> _Exercise directions_
Apart from the images, output the data below exactly.

> _Task data_

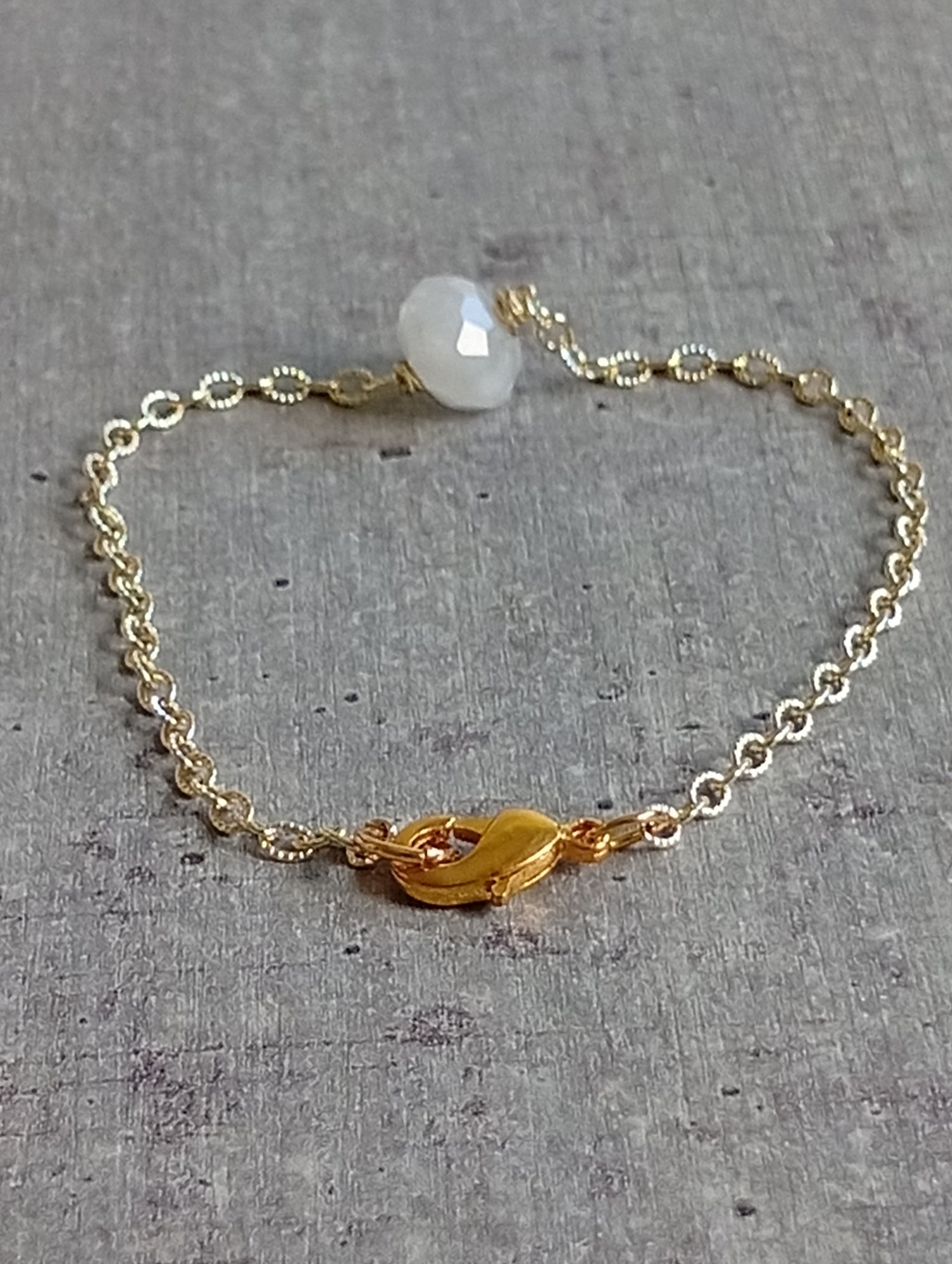Bracelet fin monté sur chaîne dorée, orné d’une pierre centrale en aigue-marine. Un bijou raffiné qui allie douceur et fluidité, invitant à la sérénité et à une communication authentique. Parfait pour celles qui souhaitent exprimer leur vérité avec calme et confiance.
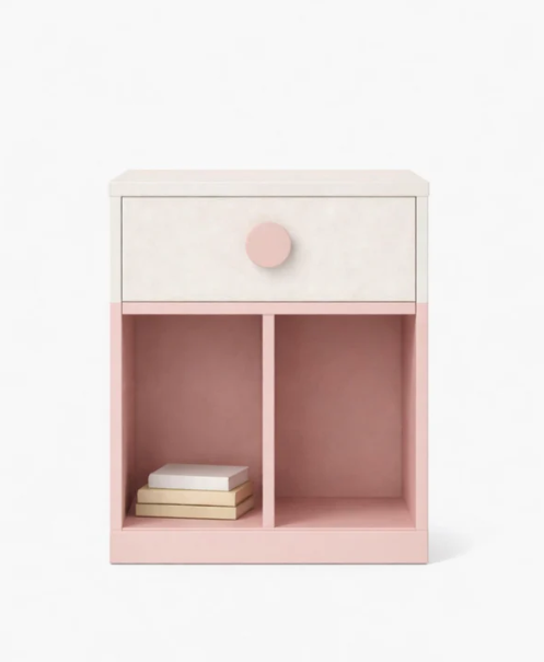 The Luna Night Stand is a charming and practical addition to your child’s room. Featuring soft blush details and a clean, minimalist form, it offers a smooth top drawer for essentials and open storage below for books or toys.
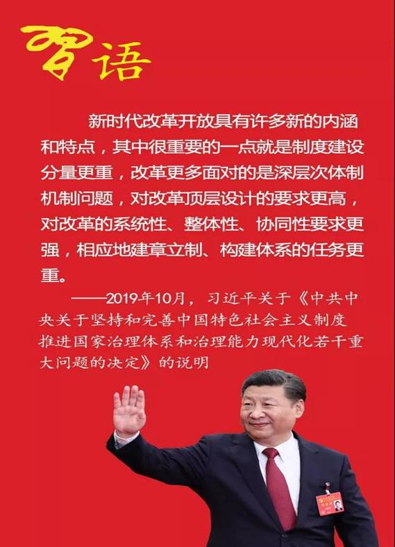——2019年10月,習(xí)近平關(guān)于《中共中央關(guān)于堅(jiān)持和完善中國(guó)特色社會(huì)主義制度推進(jìn)國(guó)家治理體系和治理能力現(xiàn)代化若干重大問(wèn)題的決定》的說(shuō)明
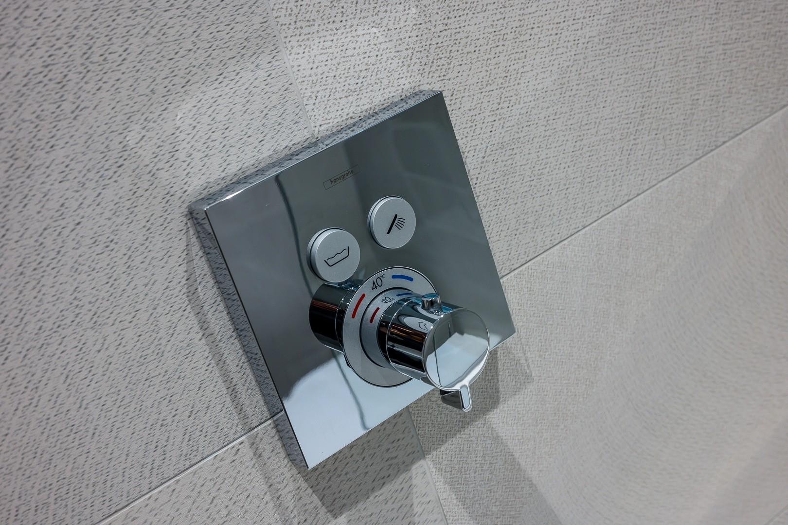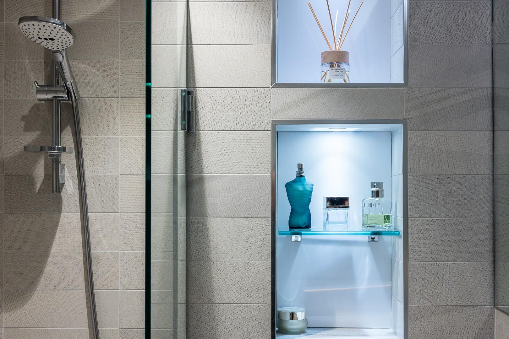 Like the social space downstairs, the family bathroom features trendy recessed ceiling lighting, plus a large wall mirror, textured wall tiling and wood effect floor which together create a boutique, stylish finish. The three-piece suite comprises a bath with Hansgrohe shower, vanity basin with Hansgrohe taps integral storage, and WC.
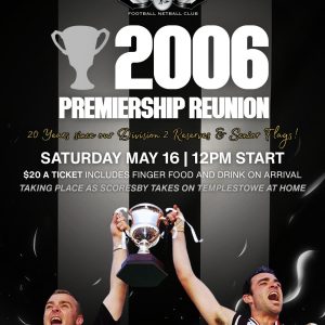 On the day, our current teams take on Templestowe and it is priced at $20 per ticket which includes finger food, a drink on arrival & of course – reminiscing on incredible memories from our triumph from two decades ago!
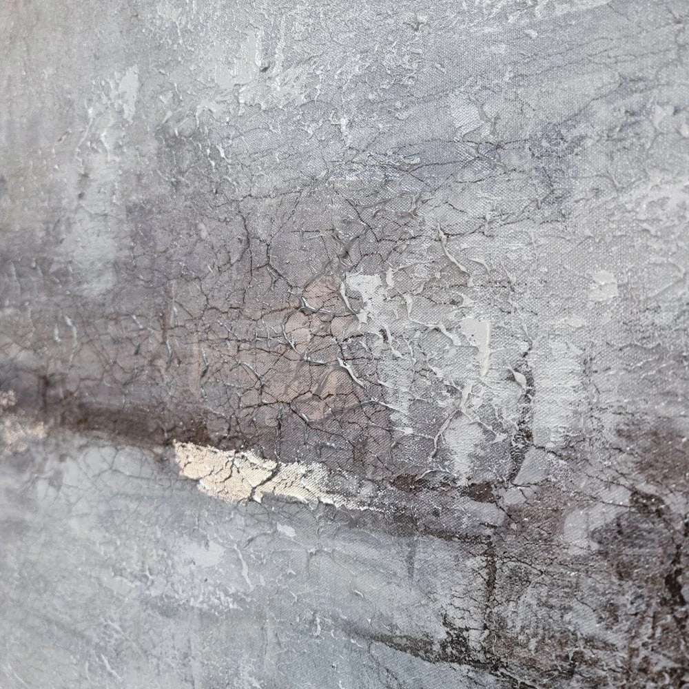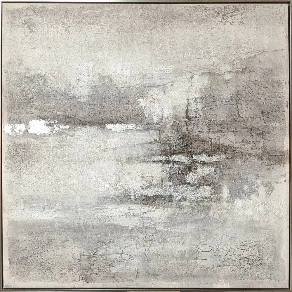 Invite the calming influence of soft grey into your home with this beautiful oil painting. Though abstract, the design calls to mind a serene forest or perhaps a still lake in midwinter. Crackles within the splashes of paint add layers of texture, ensuring this wall art is as captivating as it is elegant.

> _Response to this task_
Bracelet fin monté sur chaîne dorée, orné d’une pierre centrale en aigue-marine. Un bijou raffiné qui allie douceur et fluidité, invitant à la sérénité et à une communication authentique. Parfait pour celles qui souhaitent exprimer leur vérité avec calme et confiance.
 The Luna Night Stand is a charming and practical addition to your child’s room. Featuring soft blush details and a clean, minimalist form, it offers a smooth top drawer for essentials and open storage below for books or toys.
——2019年10月,習(xí)近平關(guān)于《中共中央關(guān)于堅(jiān)持和完善中國(guó)特色社會(huì)主義制度推進(jìn)國(guó)家治理體系和治理能力現(xiàn)代化若干重大問(wèn)題的決定》的說(shuō)明
 Like the social space downstairs, the family bathroom features trendy recessed ceiling lighting, plus a large wall mirror, textured wall tiling and wood effect floor which together create a boutique, stylish finish. The three-piece suite comprises a bath with Hansgrohe shower, vanity basin with Hansgrohe taps integral storage, and WC.
 On the day, our current teams take on Templestowe and it is priced at $20 per ticket which includes finger food, a drink on arrival & of course – reminiscing on incredible memories from our triumph from two decades ago!
 Invite the calming influence of soft grey into your home with this beautiful oil painting. Though abstract, the design calls to mind a serene forest or perhaps a still lake in midwinter. Crackles within the splashes of paint add layers of texture, ensuring this wall art is as captivating as it is elegant.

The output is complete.